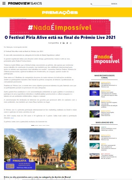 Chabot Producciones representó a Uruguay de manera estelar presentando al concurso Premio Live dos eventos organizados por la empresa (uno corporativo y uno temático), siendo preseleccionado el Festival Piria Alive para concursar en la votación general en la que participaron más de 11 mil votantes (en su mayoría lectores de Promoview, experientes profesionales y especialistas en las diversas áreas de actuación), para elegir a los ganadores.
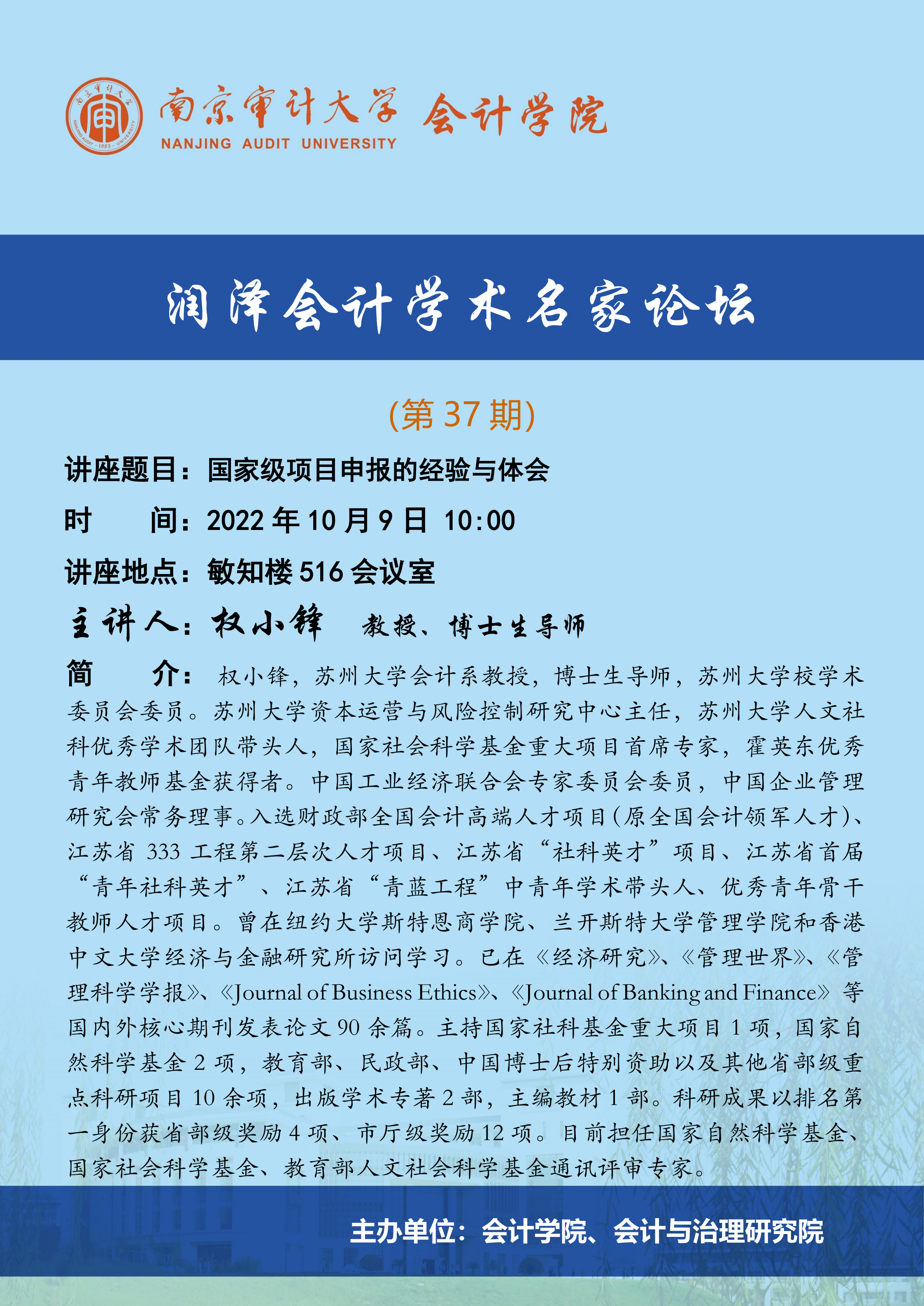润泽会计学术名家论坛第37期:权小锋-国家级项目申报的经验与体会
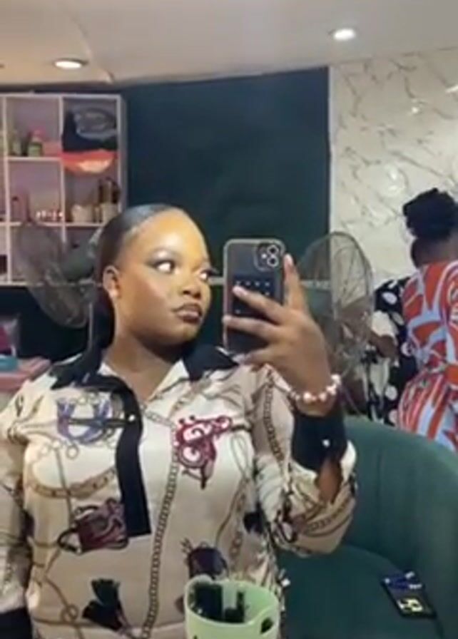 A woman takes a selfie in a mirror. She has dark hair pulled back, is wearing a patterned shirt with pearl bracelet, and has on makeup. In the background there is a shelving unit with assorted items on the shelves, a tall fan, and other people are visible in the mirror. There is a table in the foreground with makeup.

□ □ □

TASK TO COMPLETE –
Everything from the line with "润泽会计学术名家论坛第37期:权小锋-国家级项目申报的经验与体会" through the final line of the material is to be returned exactly, both ends included, apart from the pictures.

FINAL ANSWER –
润泽会计学术名家论坛第37期:权小锋-国家级项目申报的经验与体会
 A woman takes a selfie in a mirror. She has dark hair pulled back, is wearing a patterned shirt with pearl bracelet, and has on makeup. In the background there is a shelving unit with assorted items on the shelves, a tall fan, and other people are visible in the mirror. There is a table in the foreground with makeup.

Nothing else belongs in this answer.